Following are additional elements that should be considered before a ministry signs a contract, for both those contracts resulting from a competitive solicitation and those from direct awards. Remember that any contract for services that will not use the Province’s corporate service agreement templates (such as the General Services Agreement) requires review and approval by Legal Services, as does any services contract (notwithstanding the form of agreement) that exceeds $250,000 in value (see the Core Policy and Procedures Manual, section 6.3.3.e.4).
Be sure that the contractor’s name on the contract document is their full legal business name, rather than a “doing business as” name. For example, a contractor’s legal name may be “BC 1234567 Ltd.”, but they are commonly known as “Acme Consulting Services”. In this case, the legal name is required on the contract, but a statement may also be included that identifies the doing business as name.
Confirm the legal name with the successful bidder / proponent prior to signing the contract. Some ministries may have standard practices for confirming legal names; check the ministry links at the right for more information. If the applicable ministry is not listed, the following guidance may help:
- If the contract will be with an individual, verify that his/her full legal name is on the contract document via government-issued identification (e.g. driver’s license, birth certificate); or
- If the contract will be with a company, check with the Corporate Registry available through BC Online.
If in doubt on how to proceed, check with the ministry’s Procurement Specialist to ensure the appropriate process is followed to confirm the legal name before signing the contract.
Most service contracts include one or more insurances that the contractor must maintain for the term of the contract.

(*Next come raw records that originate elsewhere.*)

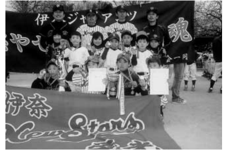
Cクラス 伊奈ニュースターズ・ 伊奈ジャイアンツ合同チーム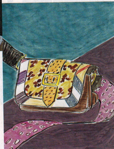
Une illustration de la campagne automne-hiver 2016 BURBERRY réalisée par Luke Edward Hall.

Le DESSIN est à l'origine de toutes les créations artistiques du Britannique.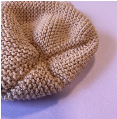
Łączenie części 1-6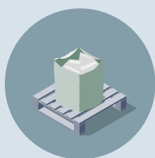
Insamling av material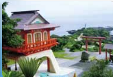
5 長崎鼻(竜宮神社)【指宿市山川町】 浦島太郎が竜宮へ旅立ったとされる岬

Proof of this insurance is usually managed through the Province of British Columbia Certificate of Insurance (form FIN 173). This form should be renewed each year of the contract, to ensure that the contractor’s insurance is current and adequate.
Refer to Insurance for more information, or contact Risk Management Branch and Government Security Office. Note that some ministries may have specific procedures regarding insurance; this information can be found through the link above to the Insurance page.
BC vendors with employees must be in good standing with WorkSafeBC in order to become contractors of the Province. Letters of good standing are available on-line, and should be checked annually to ensure ongoing eligibility. Vendors from other jurisdictions are required to be in good standing with the equivalent applicable entity to WorkSafeBC.
Vendors without employees (e.g. sole proprietors) may be eligible for WorkSafeBC’s Personal Optional Protection.
Refer to WorkSafeBC for more information, or contact Risk Management Branch and Government Security Office. More basic information is available in the article “WorkSafeBC Contractor Basics” in Volume 20, Issue 2 of the At Risk newsletter.
If the contractor will have custody of personal and/or confidential information, specific privacy language is required as part of the contract document. An example of this is the privacy schedule found in Schedule E of the General Service Agreement, noting that ministries may have their own contract templates that include similar terms and conditions.
A privacy impact assessment (or “PIA”) needs to be completed for all new and existing enactments, systems, programs, projects and activities. A PIA should still be completed even if the ministry determines that there is no personal information being collected, used or disclosed. When there is no personal information involved the PIA process is significantly shorter and easier. If the PIA indicates that personal information will be involved, specific contractual clauses are to be included in the contract, and a privacy protection schedule will generally be required.